According to NYSAR data, though, I'm working in the wrong area. Up in Cortland County, 3rd quarter 2009 sales are up 79% over 2007, and in Yates County, they're up 71%.
So, personally, I find it very difficult to pay NYSAR data much heed one way or another.
Posted by: David Knudsen | October 30, 2009 at 10:46 AM
There is, however, an interesting question here. Is Sullivan performing 'less well' than other parts of New York state, and, if so, why? If the NYSAR data for neighboring Orange and Ulster counties can be believed, those counties are also towards the bottom in terms of 07 to 09 price performance, with each showing price declines of greater than 20% (but not greater than 30%.) How different is their mix of primary versus second homes? What was their price run up prior to 2007? Were there factors specific to Sullivan that may have contributed to a higher price run up, and as a result, a sharper fall? Have both of those counties also experienced near death experiences in the upper end second home market? Have upper end buyers disappeared altogether, or have they shifted further to Hudson Valley?
They are a slew of interesting questions. I wish I could find a couple of real estate data junkies in those areas similar to me, who would enjoy comparing notes and trying to answer these questions.
I'm not trying to ignore NYSAR's data or sugarcoat anything. But from my experience with one county, I don't trust their data as accurate and reliable. I would welcome good, accurate comparative data - which would be the springboard to ask the interesting questions.
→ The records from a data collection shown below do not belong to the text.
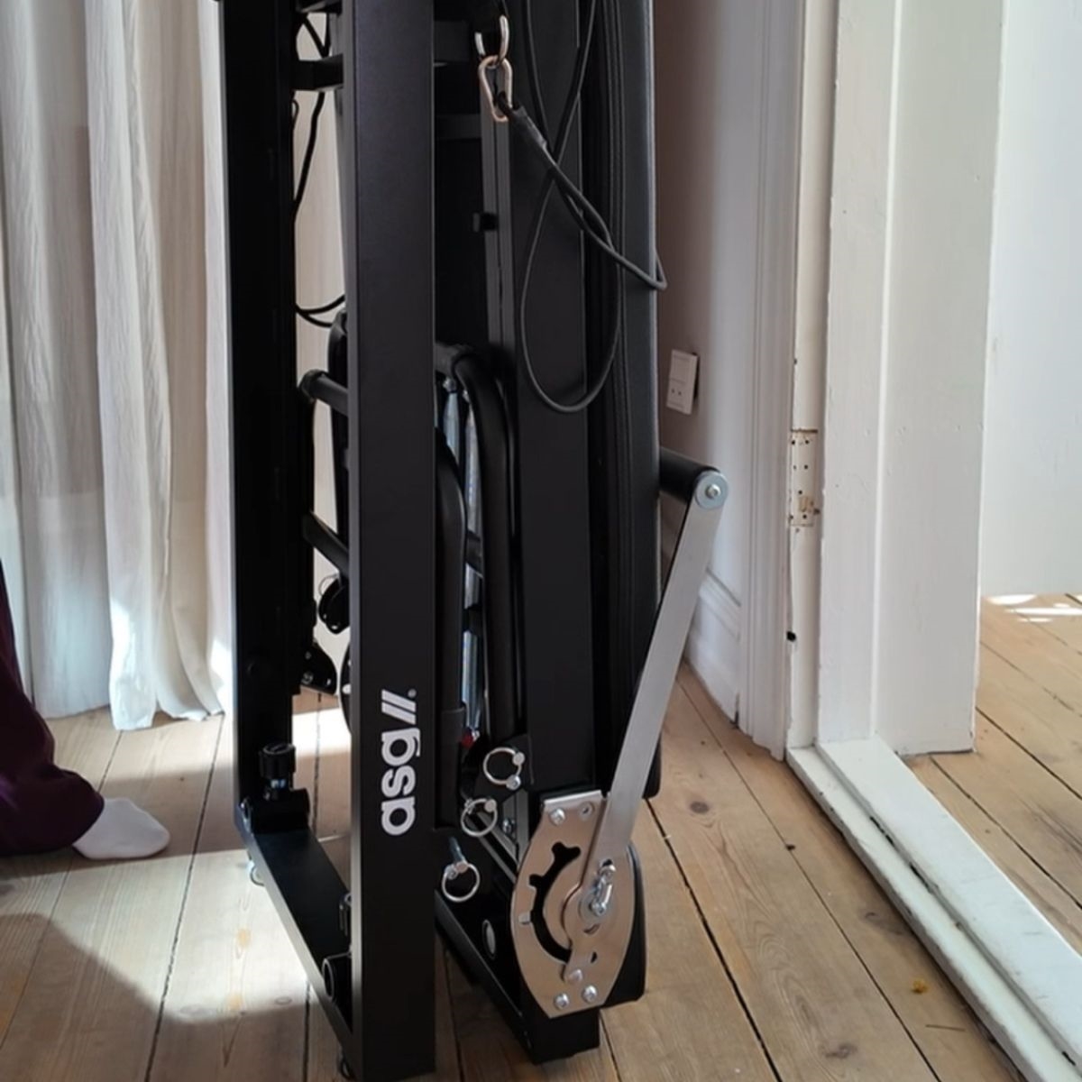 ASG 4430 Foldbar Alu Pilates Reformer tar god och robust kvalitet till ditt vardagsrum med ledskånande träning och ett platsbesparande design. Den är perfekt för dig som vill ha effektiv pilatesträning hemma. Köp din reformer maskine idag och upplev en ny sätt att träna på!
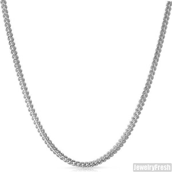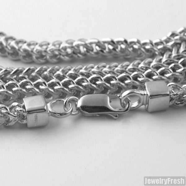 This high quality sterling silver Franco Cuban chain gives you the exact same look as a solid white gold chain at an affordable price. This is top quality Italian made with hand polished details. It is 4mm size chain which is good for mini or medium sized pendants. This chain is solid silver and will never turn colors. It is designed to last a lifetime. Order yours today.
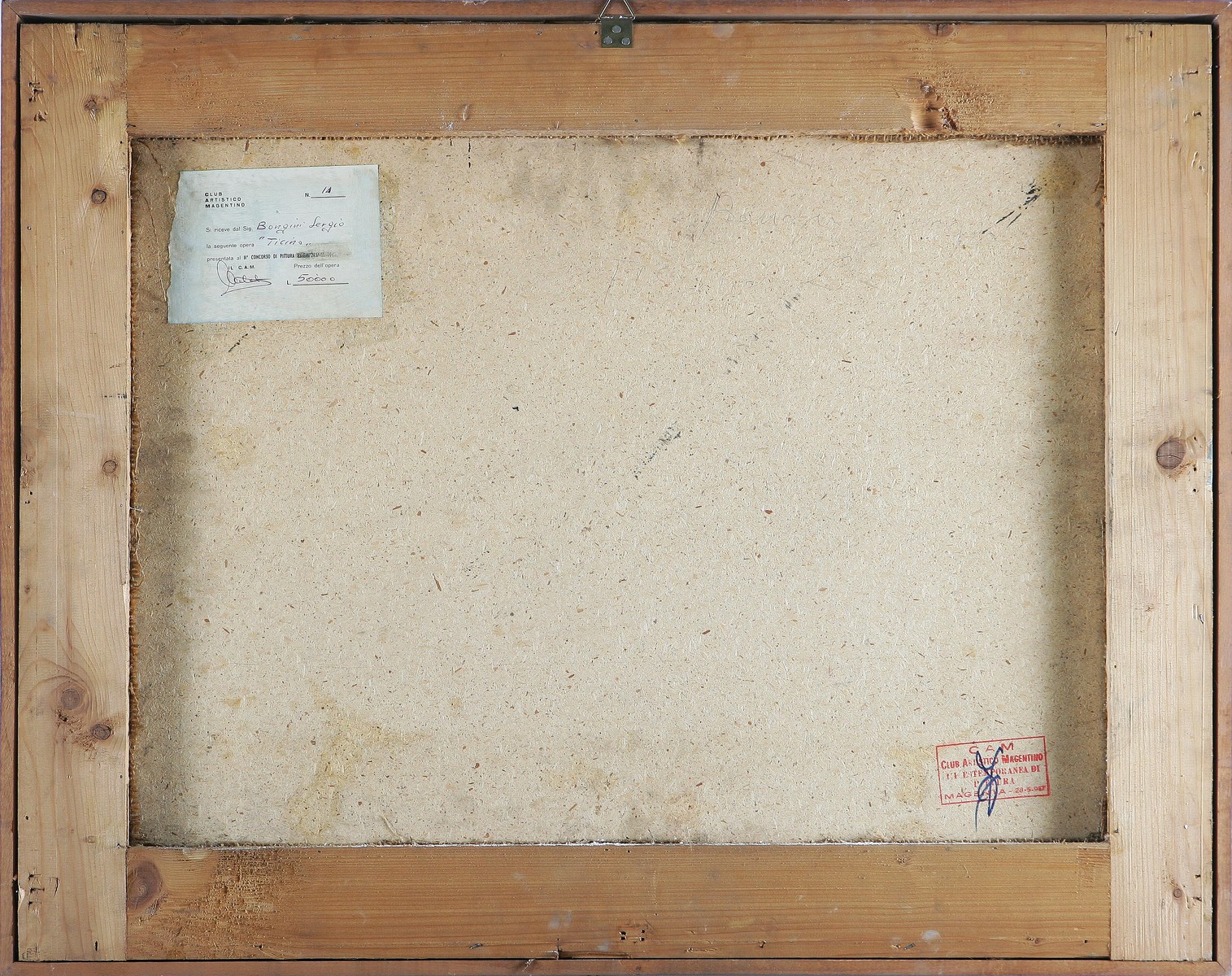 BONGINI SERGIO (1936 - 2011) Ticino. 1962. Olio su tavola. Cm 64,5x48,5. Al retro cartiglio e timbro del Club Artistico magentino Estemporanea di pittura, Magenta. Firma e data in basso a destra. Cornice presente.
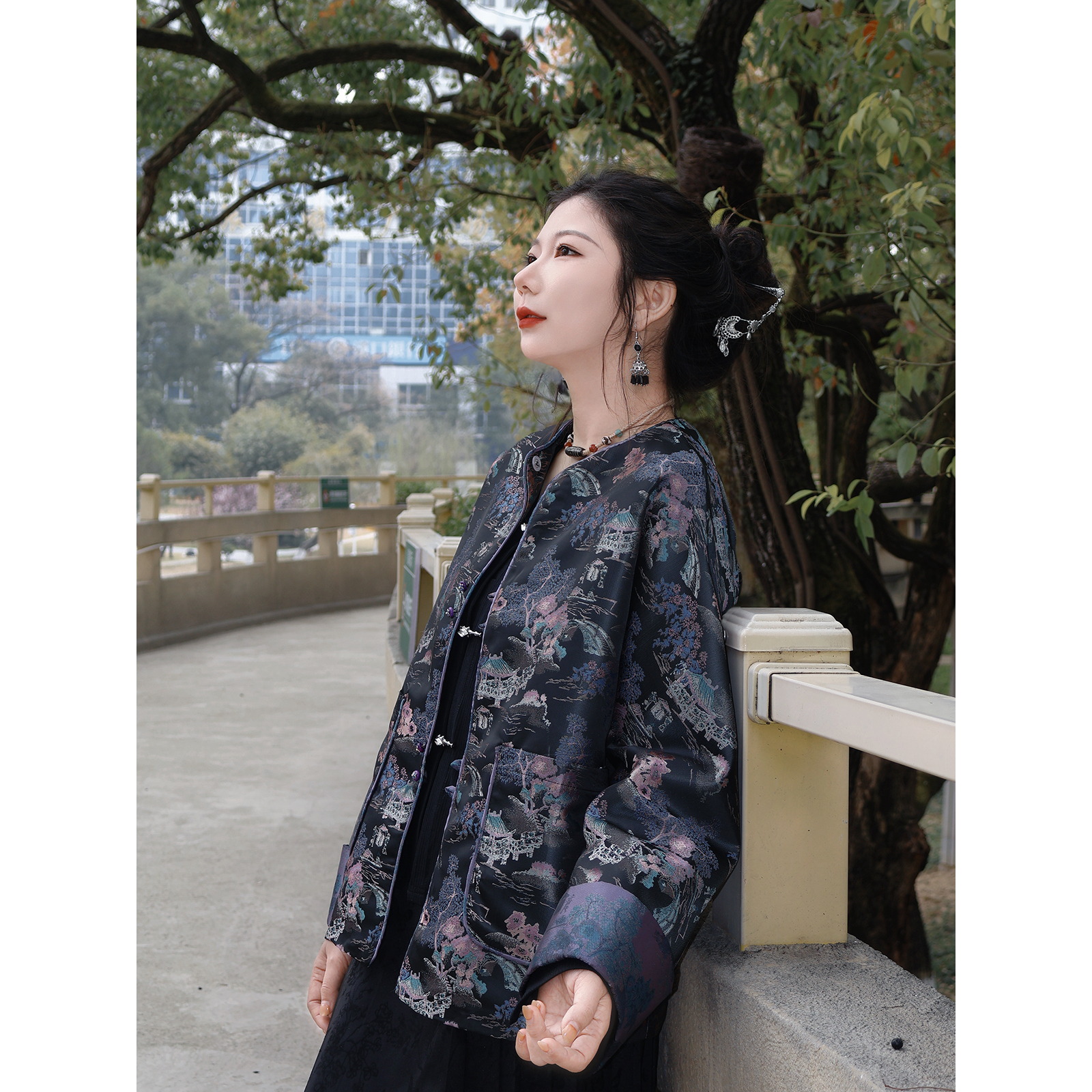 真大鱼大小码【屿否】新中式国风复古提花暗纹外套上衣设计感小众
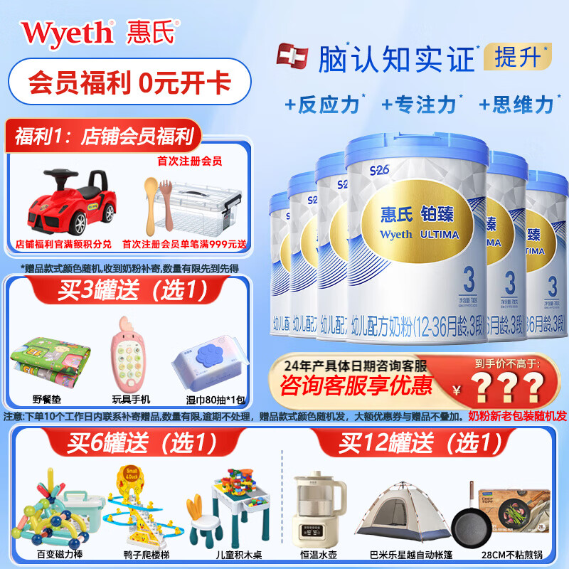 惠氏【官方授权】【官方店】惠氏铂臻奶粉瑞士原装进口780G奶粉 3段780克*6罐
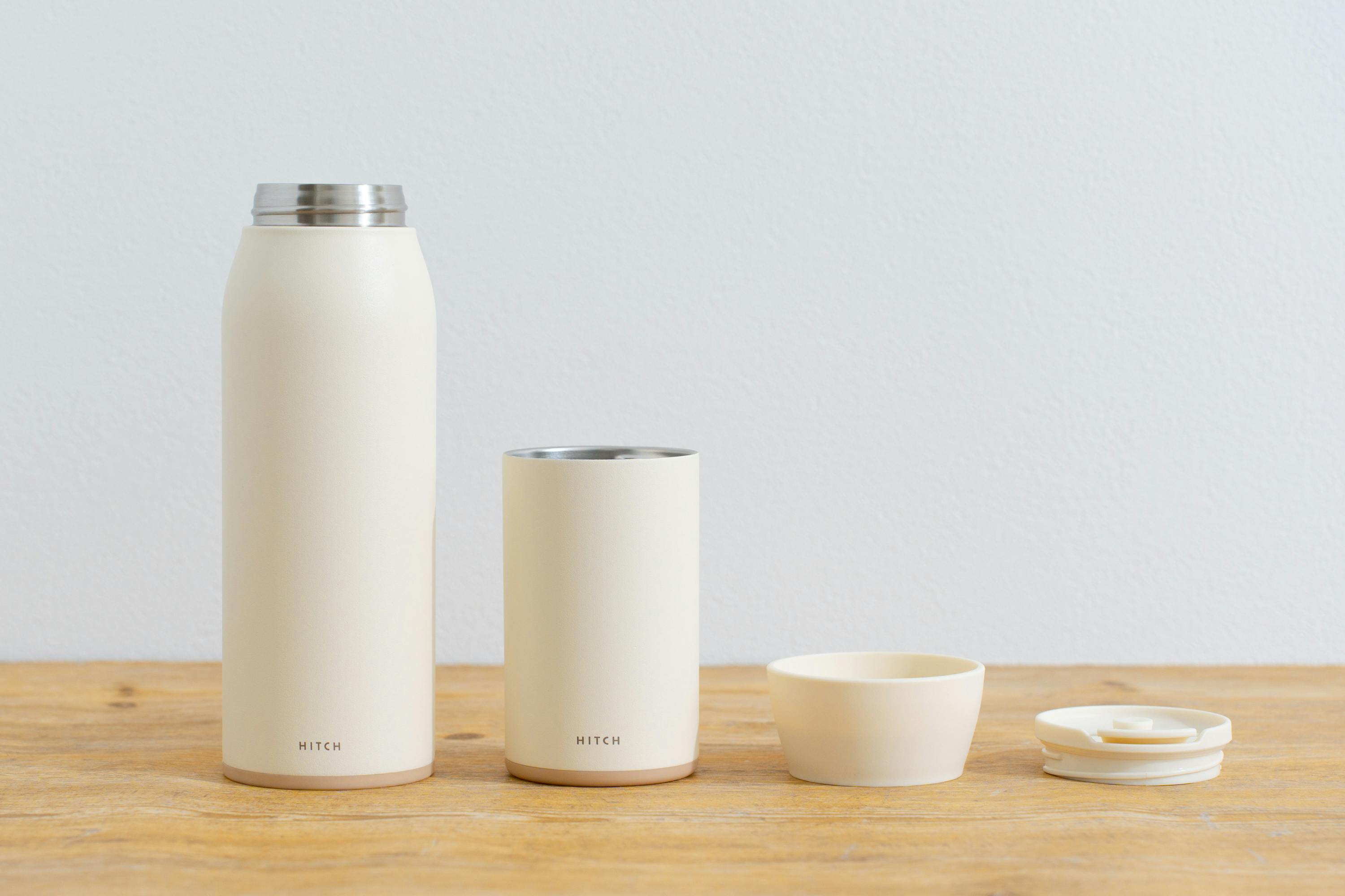 HITCHは530mlボトルと350mlカップを組み合わせた構造になっています。ボトルとカップはそれぞれ二重壁、真空断熱、ステンレス鋼、漏れ防止、BPA+BPSフリーおよび、食品グレードのステンレススチールです。
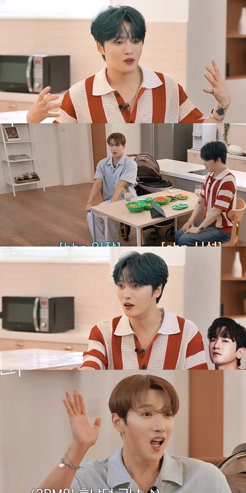 김재중은 “과거에 2PM 친구들이 키도 크고 몸도 커서 무서웠다”면서 “한번 식당에 들어왔는데 거대한 친구들이 딱 앉아 있는데 무섭더라. 그런데 내가 일어나기도 전에 먼저 나갔다. ‘나랑 같이 있는 게 싫구나’하고 생각했다”고 서운한 점을 토로했다.
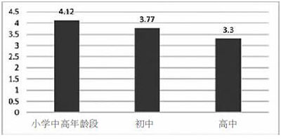 兒童專注自己事情的心理品質(zhì)在小學中高年段、初中和高中表現(xiàn)出明顯差異,小學生專注品質(zhì)分值最高,為4.12分,到高中生降為3.3分。這個變化有兩方面的解釋。一是隨著年齡的增加兒童注意力的集中品質(zhì)有所下降,更容易分散;二是隨著年齡的增加,兒童注意力分配水平能力在提升。
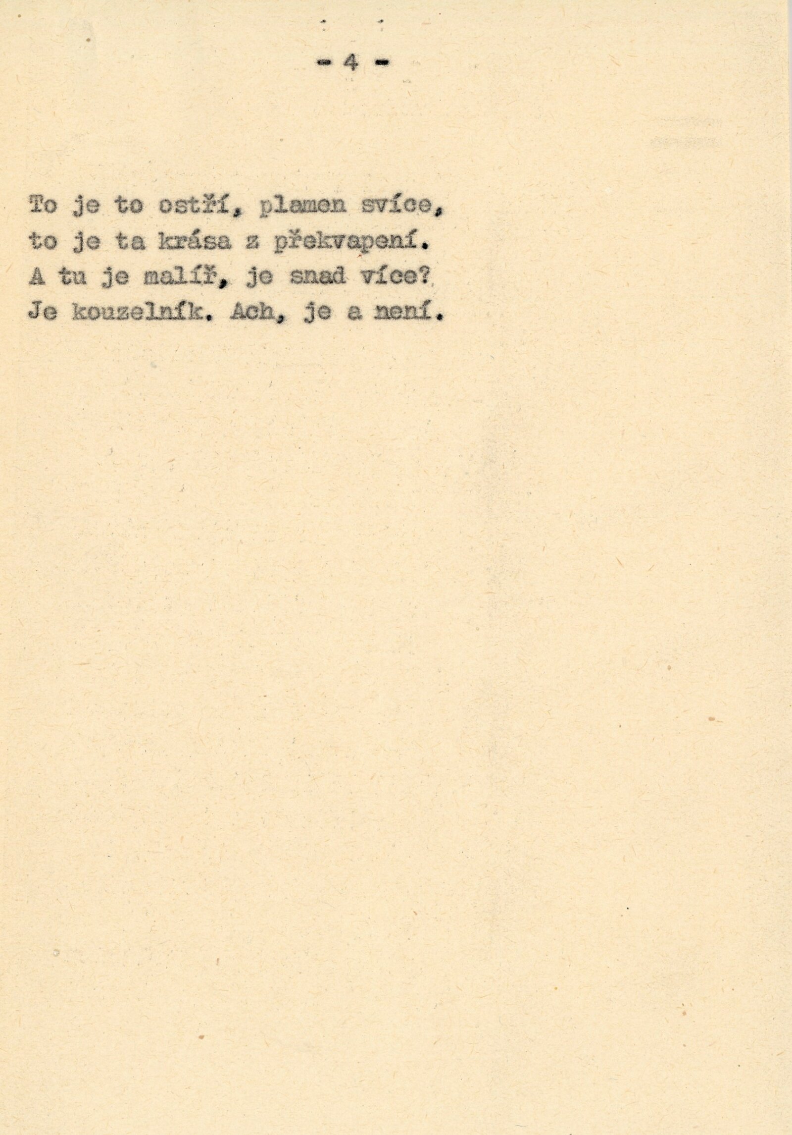 pozvánky, katalog, seznam vystavených děl, strojopis básní (Vladimír Holan, František Hrubín, Jiří Kolář, Miloš Macourek, Vítězslav Nezval, Jaroslav Seifert), fotografie autora a děl, korespondence (se SČVU, korespondence o zapůjčení děl – soukromí majitelé + instituce, příprava vernisáže, Adolf Kroupa, Dagmar Rosůlková, provozní korespondence), reverzy o přijetí a předání děl, adresy majitelů, recenze v tisku, katalog a plakát (výstava v Mánesu 1962, katalog Galerie Josef R. Vilímek 1943)

Posted by: David Knudsen | October 30, 2009 at 11:44 AM
Hell Dave, if you can't trust the data from the New York State Association of Realtors© - who can you trust?
Tom Lombardi
Posted by: Tom Lombardi | October 30, 2009 at 08:23 PM
That's a good question and one that should be directed to NYSAR. Given that you put the copyright symbol after Realtor (and only a Realtor would probably do that), I'm assuming you're a Realtor, so bring it up with them.
The best option would be to have timely, comprehensive data from the county's Office of Real Property Services. But we don't. I think my data is pretty accurate from a trend standpoint. I've always been very upfront about my data sources, and look over the data every month looking for any outliers. But since I don't collect similar data for other counties, I can't make a comparison. And I'm very aware of the drawbacks of the data I use --- it's MLS data, from a single MLS, and doesn't include private and non-MLS sales, or Sullivan sales reported in other MLS's. But I do periodically go through and validate my sample against the bigger universe, and am pretty confident in the picture it paints.